The present reality for women is one in which they are treated as sub humans, less than, not enough. It is evident in politics, music and film. If we are to change this, we must raise a new generation of feminists, who believe in the equality of the sexes.
Chimamanda Ngozi Adichie, author and feminist has just published a 15 step guide in the form of a letter, on how to raise a feminist child. The 9,000-word Facebook post was addressed to Ijeawele, a friend who has birthed a daughter named Chizalum Adaora.

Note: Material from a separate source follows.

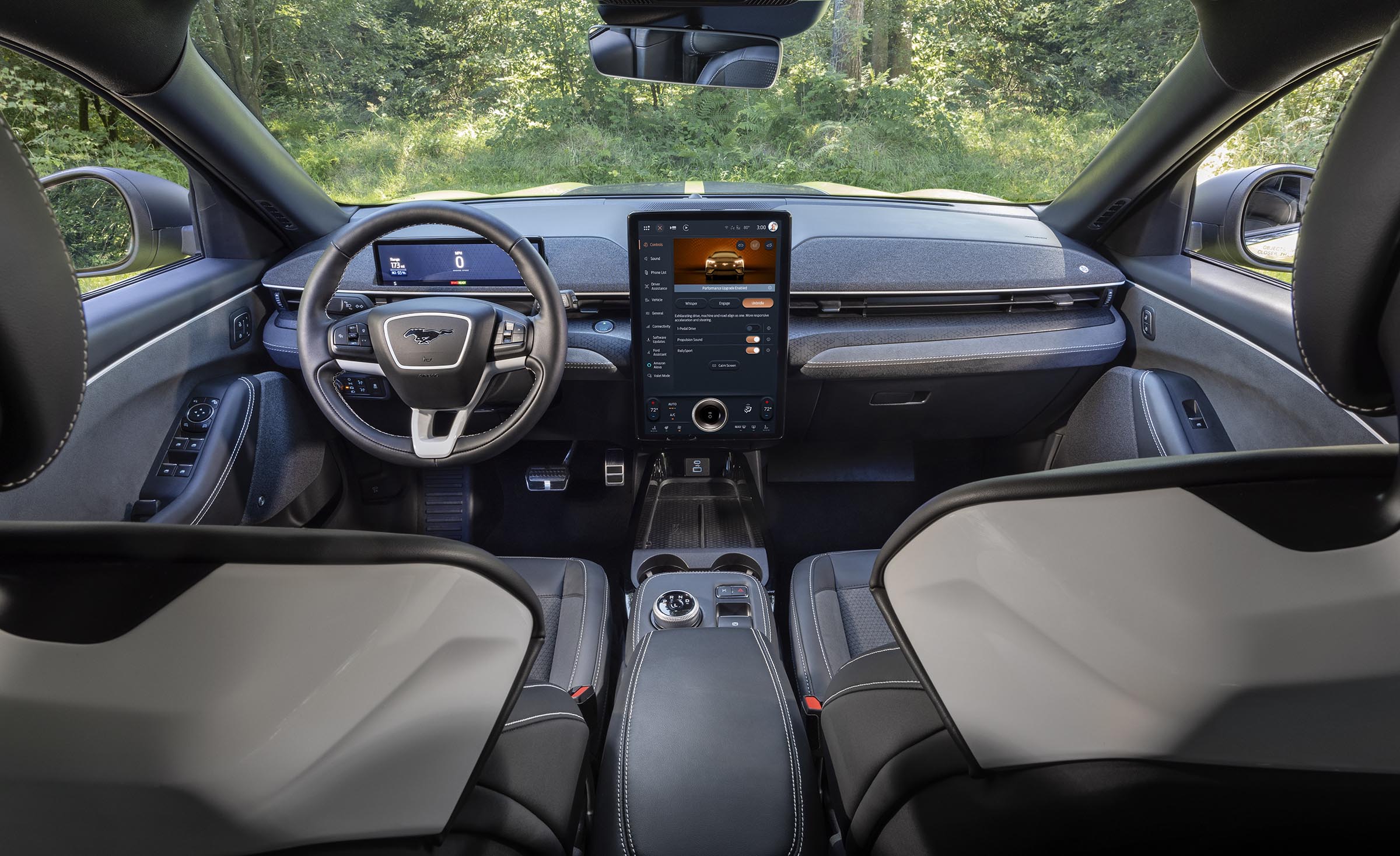 The Rally is largely a Mustang Mach-E GT despite all the mechanical changes. And that’s obvious when you’re just sitting inside. It has the same twin digital display layout, including the positively huge, portrait-oriented infotainment touchscreen. Frankly, I’d have appreciated more unique-to-Rally features, such as displays showing Baja-style performance data.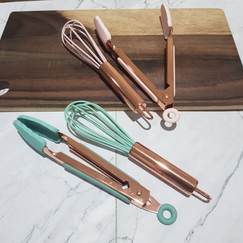 Perlengkapan Rumah > Peralatan Masak > Pengocok Telur > SET Whisk tongs mini capit kocokan telur rosegold silicon silikon kue

Chimamanda is a power house in the fight for women rights. Her TEDxEuston talk turned book We Should All Be Feminists was featured in Beyonce’s Flawless, and served as inspiration for new Dior designer, Maria Grazia Chiuri.
It is a particularly difficult time to identify as female. In Nigeria, there is a president who believes his wife belongs in the kitchen. In America, the republican candidate, Donald Trump brags about his predatory behavior and views towards women. While the world seems to be regressing,
Chimamanda’s message reminds women everywhere that they are full complete human beings, whole and capable of standing on their own. Not as daughters or mothers or sisters but as human beings.
“I matter. I matter equally. Not ‘if only.’ Not ‘as long as.’ I matter equally. Full stop.” reads Chimamanda’s letter.
Chimamanda’s message reminds women everywhere that they are full complete human beings. whole and capable of standing on their own. Not as daughters or mothers or sisters but as human beings.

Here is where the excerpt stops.